# Finding minimum value of the equation given.

Question - Find the minimum value of $$|1 + z| + |1-z|$$.

I'm trying to solve the question by thinking of them as points in the Argand plane. The $$|1+z|$$ can be written as $$|z - (-1)|$$ which is the distance of $$z$$ from $$(-1)$$ on the Argand plane. But I don't understand how to find the second part on Argand plane like I did the first one.
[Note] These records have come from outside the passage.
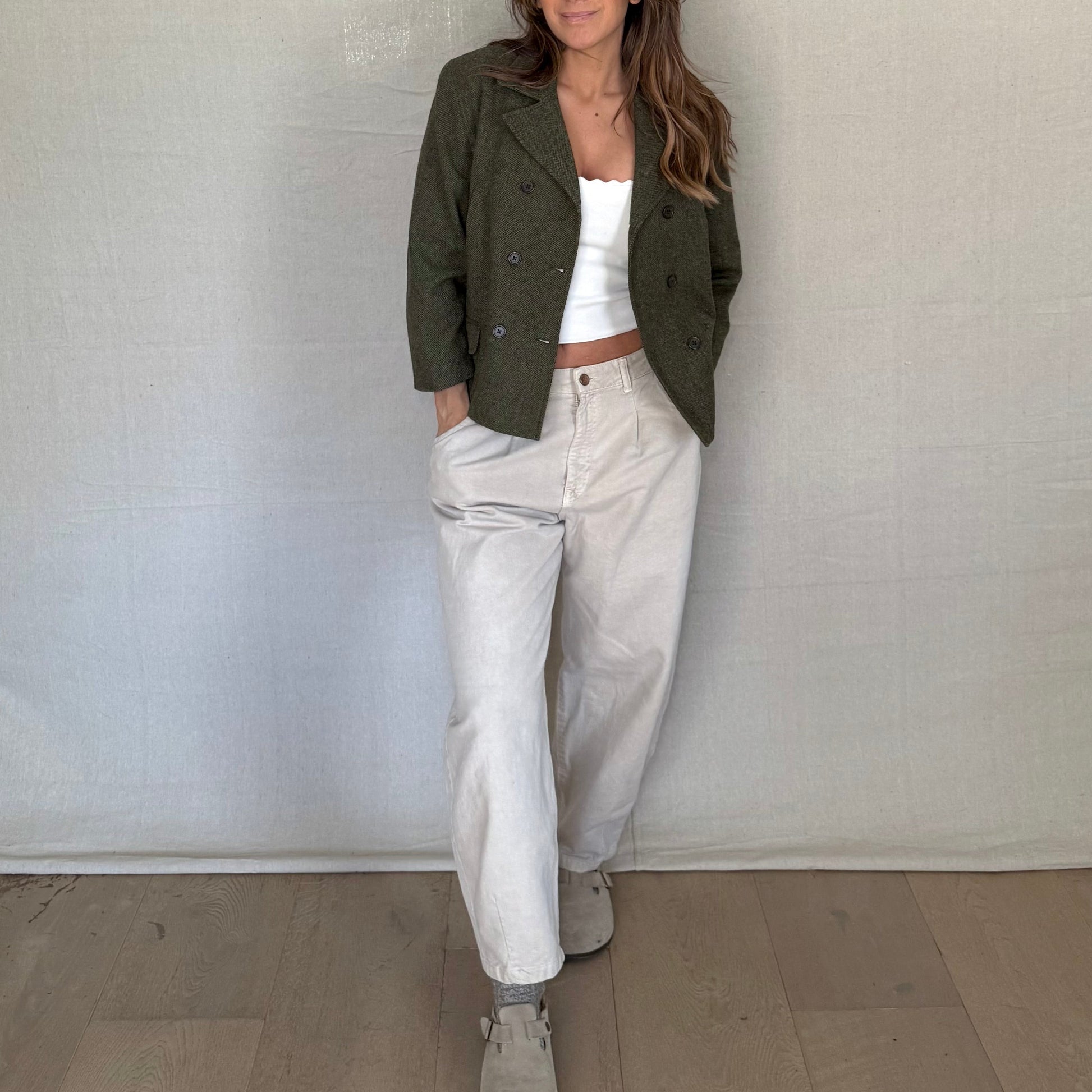 Styling notes: Perfect with white denim, slouchy trousers, or layered over a simple tank or knit. Reads polished, effortless, and grown — the kind of blazer that makes everything else look intentional.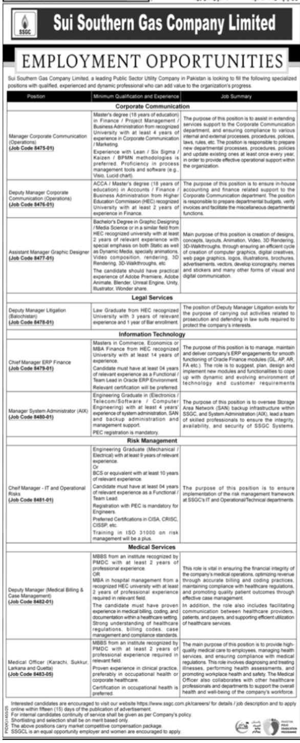 Apply for Sui Southern Gas Company Limited (SSGC) jobs in Karachi 2025. Vacancies include Manager…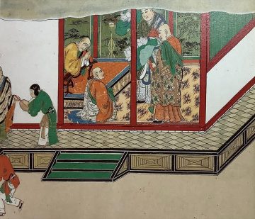 絵巻などにも描かれていて、鎌倉時代(14世紀)の玄奘三蔵絵にもありますが、これは天板が湾曲するタイプのものです。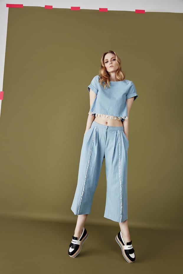 For her fall 2016 collection, MacMillan mandated that moving forward, her work would not feature leather, fur or feathers, so it’s not surprising that the starting point for her new collection comes directly from nature itself. “The inspiration for this collection is swans,” MacMillan says. “I’ve always been inspired by different kinds of birds, their majestic colouring and the beauty of them.” The result is a range of pieces done in white, blues and golds, some featuring a silk-screened avian print and other garments that draw their detailing from the fine ruffles of feathers, like the delicate swath of fringe on the line’s chambray separates. www.hilarymacmillan.com
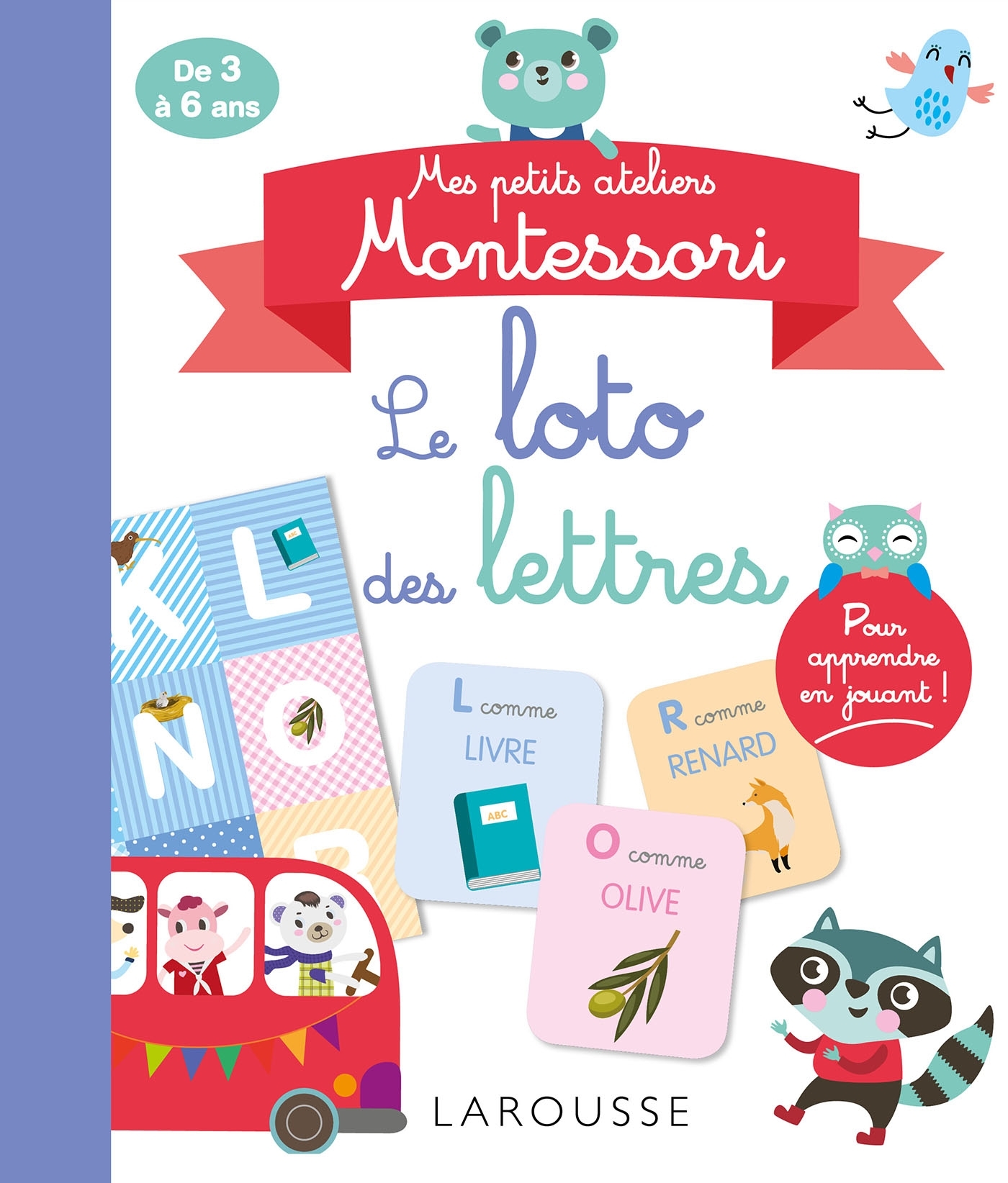Ce loto permet d'apprendre les lettres et les sons en s'amusant et en étant actif : l'enfant va associer une lettre à un mot, une grande lettre à une petite lettre... Il peut également s’autocorriger avec le verso des cartes. La pochette contient 6 planches et 36 cartes.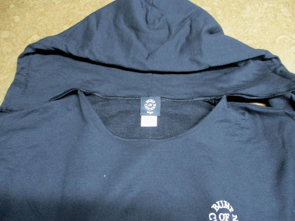 1枚目は大阪府からの郵送のお客さんのファスナーを取り付けてジップパーカーにリメイクしていく前の写真です。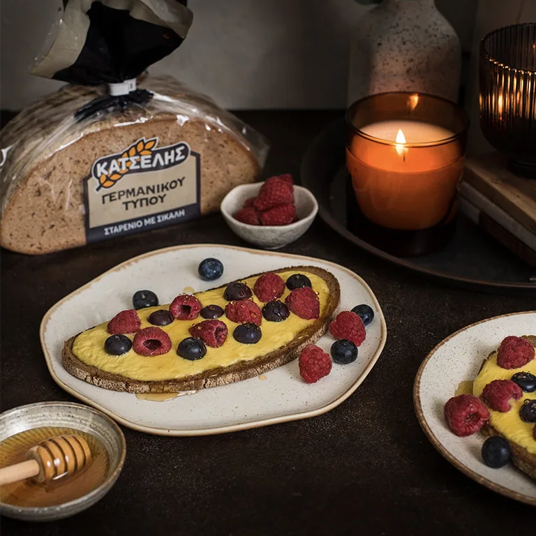 Η βάση μας εδώ κάνει τη διαφορά: Κατσέλης Γερμανικό Σταρένιο με Σίκαλη. Η πλούσια, μεστή γεύση του δένει μοναδικά με την ελαφριά κρέμα και τα φρούτα, δημιουργώντας ένα αποτέλεσμα που θυμίζει εκλεπτυσμένο γλυκό.
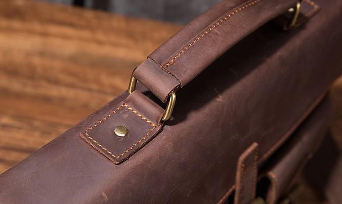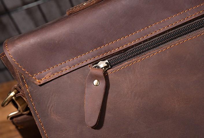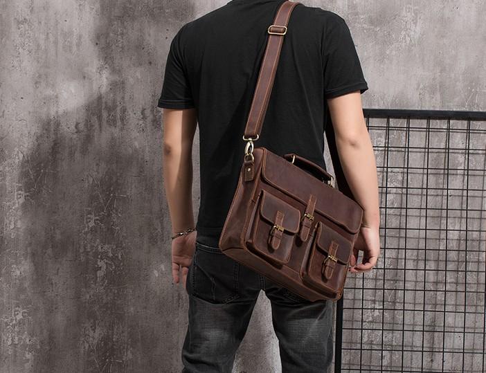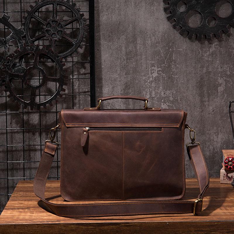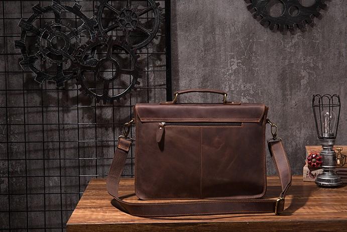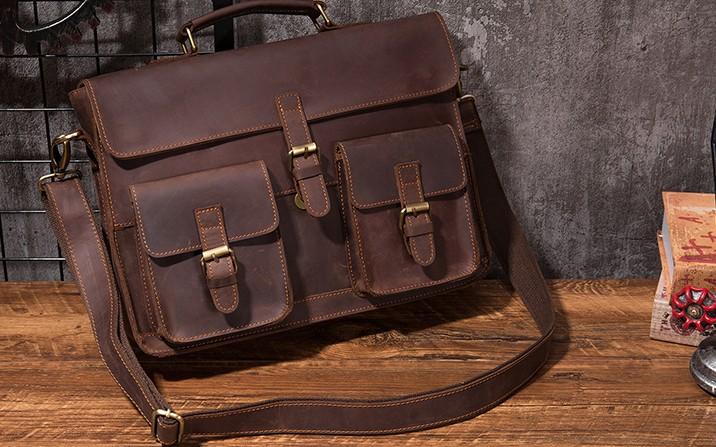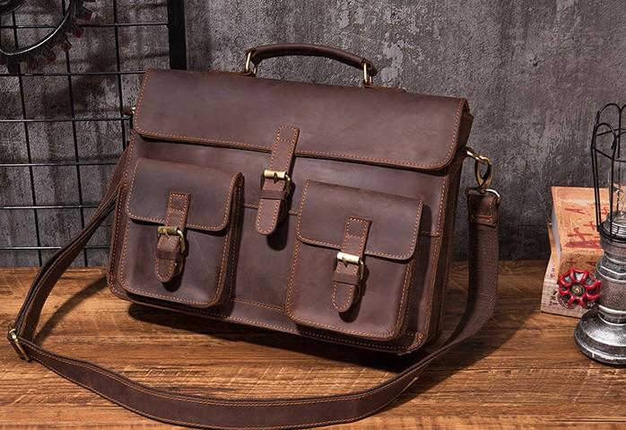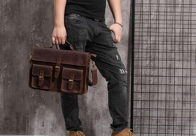 Design: Cool Coffee Leather Mens Briefcase 14inch Laptop Bag Work Handbag Business Bag for Men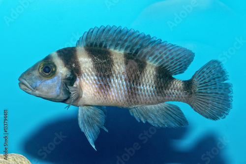 © NERYX, Fototapeta premium Portrait of cichlid fish (Neolamprologus sexfasciatus)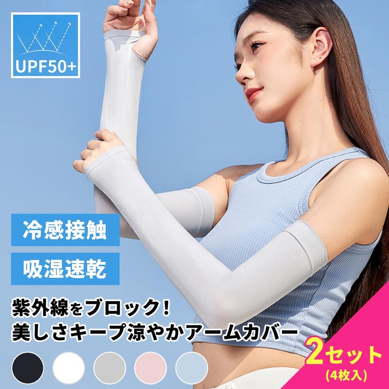 VERISSY Arm Cover, Cooling Sensation, Women's, 4 Pieces, Sun Protection, Arm Sleeves, UV Protection, 2 Set, Cool, Ultraviolet Rays, With Thumb Holes, For Summer, UPF50+ Supporter, Plain, Elastic Arm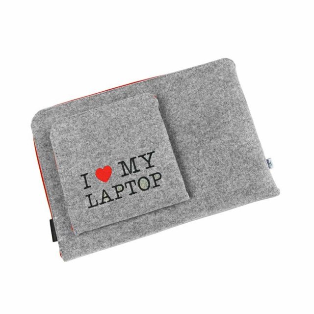 Pokrowiec z wyhaftowanym 'I love my laptop'.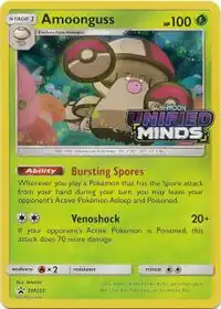 Amoonguss (Japanese: モロバレル Morobareru) is a Grass-type Stage 1 Pokémon card. It was first released as part of the Unified Minds expansion.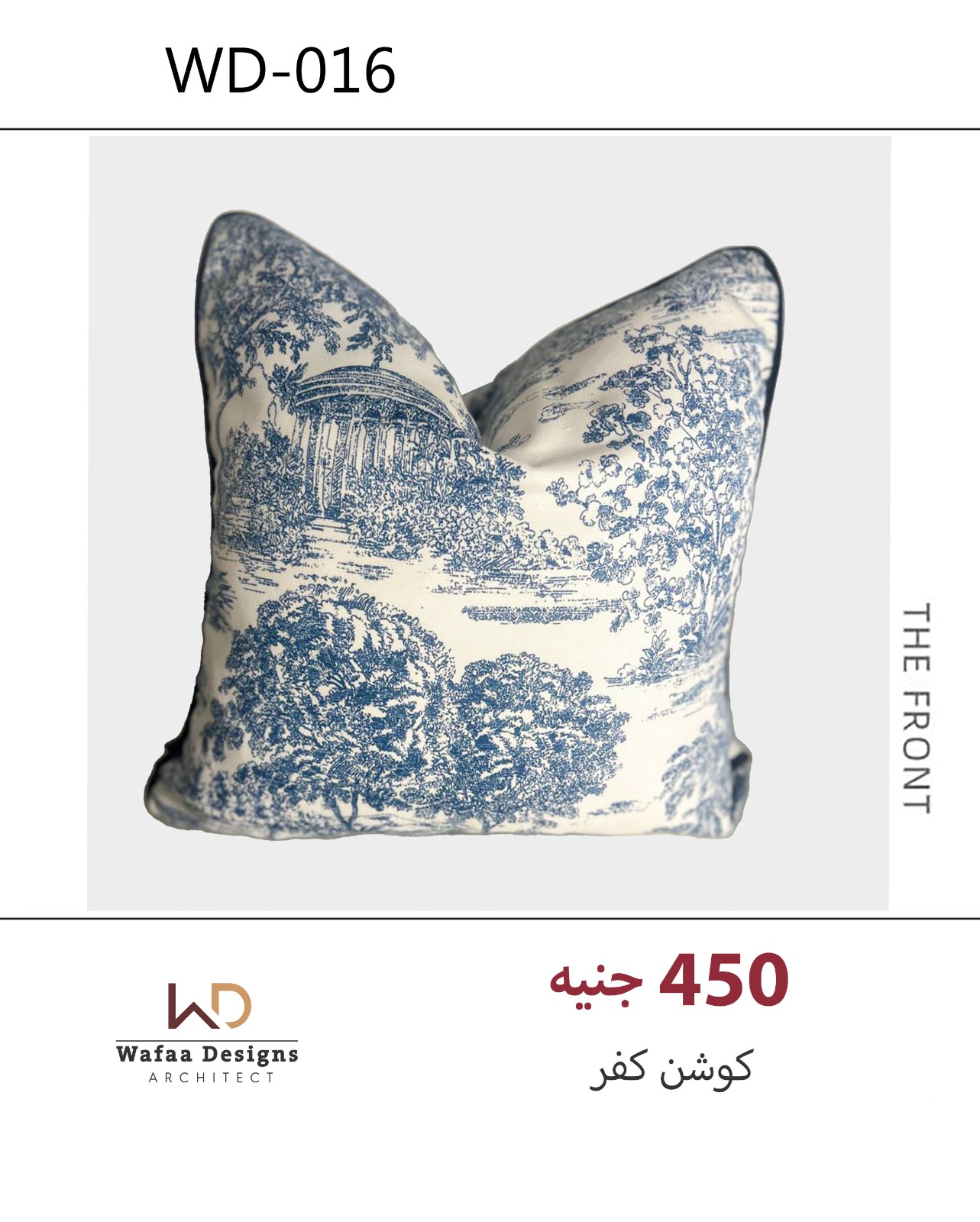 كفر كوشن مقاس 45*45 سم من خامة كتان نقش توال دى جوي فرنسى  عالى الجودة

If I find the second point, then the answer will just be the minimum distance between both the points.

• $|1-z| = |-(z-1)|=|z-1|$ – krirkrirk Nov 16 '18 at 12:42
• @krirkrirk Thanks! It didn't click at the moment. Got the answer! – Kaustuv Sawarn Nov 16 '18 at 12:47

The formula represents the sum of the distances from z to 1 and -1. So the minimum is at the midpoint of -1 , 1, i. e. 0; thus the minimum value is 2.

$$|1+z|+|1-z|=c$$ for a positive constant $$c>0$$ dscribes an ellipse with focus at $$1$$ and $$-1$$ and axis of length $$c$$.

BEcause the axis must be longer than the distance between focus, $$c\ge 2$$.

A bit of geometry.

In the complex plane:

$$A(-1,0)$$, $$B(1,0)$$ and let $$C(x,y),$$ where $$z =x+iy$$, $$x,y$$, real.

$$\triangle ABC$$ has sides of lengths:

$$|AB|=2$$, |$$AC| =|z+1|$$, $$|BC|= |z-1|$$.

The sum of the lengths of 2 sides of a triangle is greater than the 3rd side:

$$|z+1|+|z-1| > 2.$$

$$2$$ is a lower bound. Is there a minimum?

If yes , $$z=?$$